Re: RM and abstract syntax trees

From: Marshall <>
Date: Thu, 01 Nov 2007 16:53:25 -0000
Message-ID: <>

On Nov 1, 8:04 am, paul c <> wrote:
> David BL wrote:
> > In the following I compare different techniques for representing an
> > Abstract Syntax Tree (AST), concluding that RM is poorly suited.
> > ...
> I could just as well say that your choice of application is poorly suited.
> From Wikepedia:
> "In computing, it is used in a parser as an intermediate between a parse
> tree and a data structure"
> To me, trying this is reminiscent of EAV attempts, ie., using the RM to
> give an "intermediate" implementation. Apart from "jobs for the boys",
> why would one want to? Surely the application here is the manipulation
> of the parse tree, not the AST.

Well, I'd have to disagree. Syntax is largely to help the human. Once your compiler reads in the program text, it will really "prefer" (if I may anthropomorphize a bit) to work on the minimal data structure it can; this is the AST.

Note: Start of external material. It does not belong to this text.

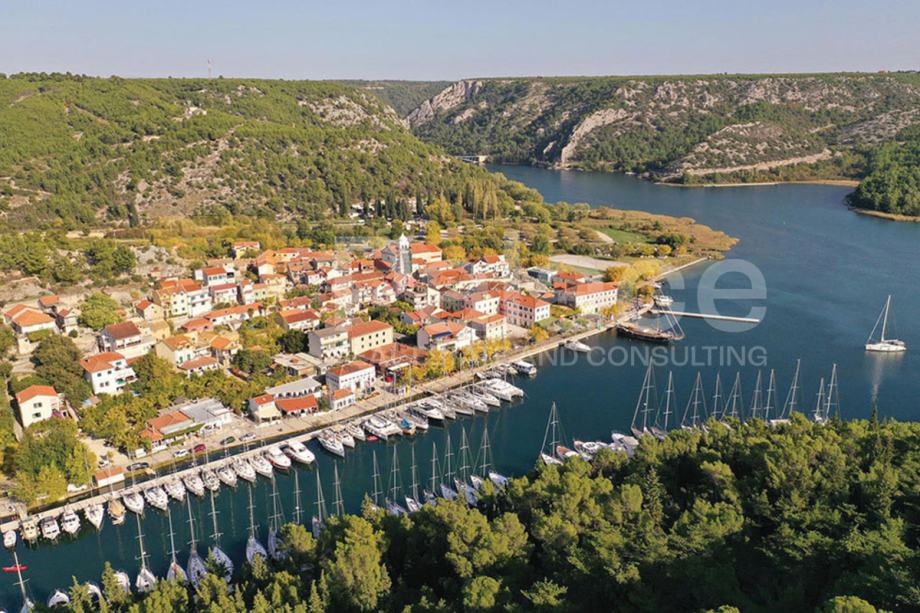 Stavlja se na prodaju novouređeni i kompletno opremljeni manji hotel u centru Skradina sa 13 spavaćih soba i restoranom, ukupne površine 812 m2., drugi red od mora.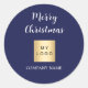 Um clássico fundo azul marinho. Personalize e adicione o logotipo de sua empresa e sua empresa e um texto. Texto: Feliz Natal escrito com um roteiro moderno de estilo letteres.

The are applications where one wants to manipulate the parse tree directly, such as when making source-to-source transformations. Like when your IDE has the ability to rename a variable.

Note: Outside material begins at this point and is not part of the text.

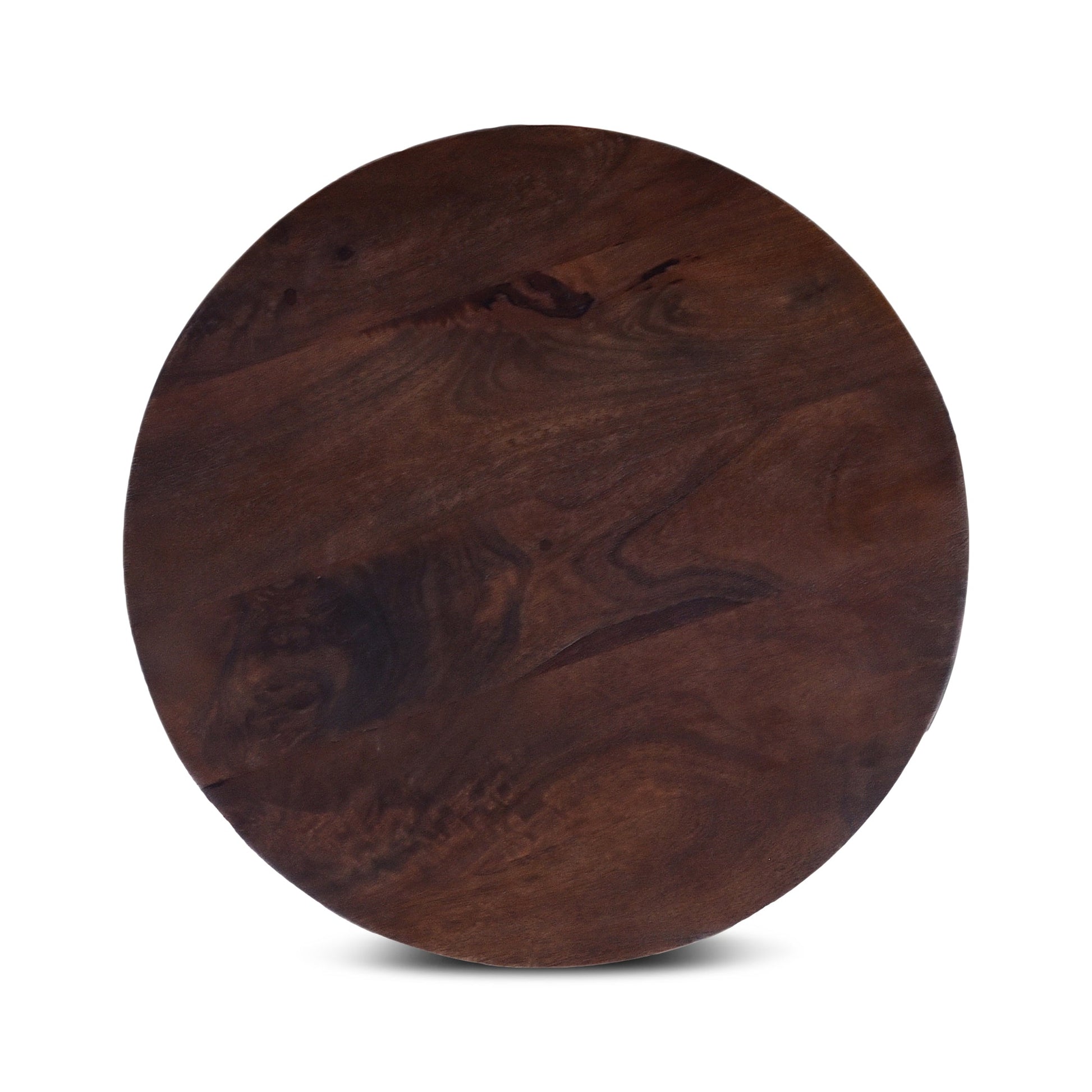 This accent table celebrates handcrafted design with its sculptural spool-shaped base and warm royal brown finish. Made from solid mango wood, each piece features natural variations in tone and texture that emphasize its artisanal character. Compact and versatile, it serves beautifully beside a sofa, chair, or as a standalone decorative piece. The rich finish and organic form lend warmth and depth to both rustic and modern interiors.

But much of what a compiler does, in analysis and optimization and code generation, is done against the AST.

My long term hypothesis is that there actually exists an idiom to work with ASTs in the RM that is about as good as any other way, but we just haven't identified it yet. I have this problem on my queue of problems that I wish to look in to in detail. Whether I'll ever get there is an open question.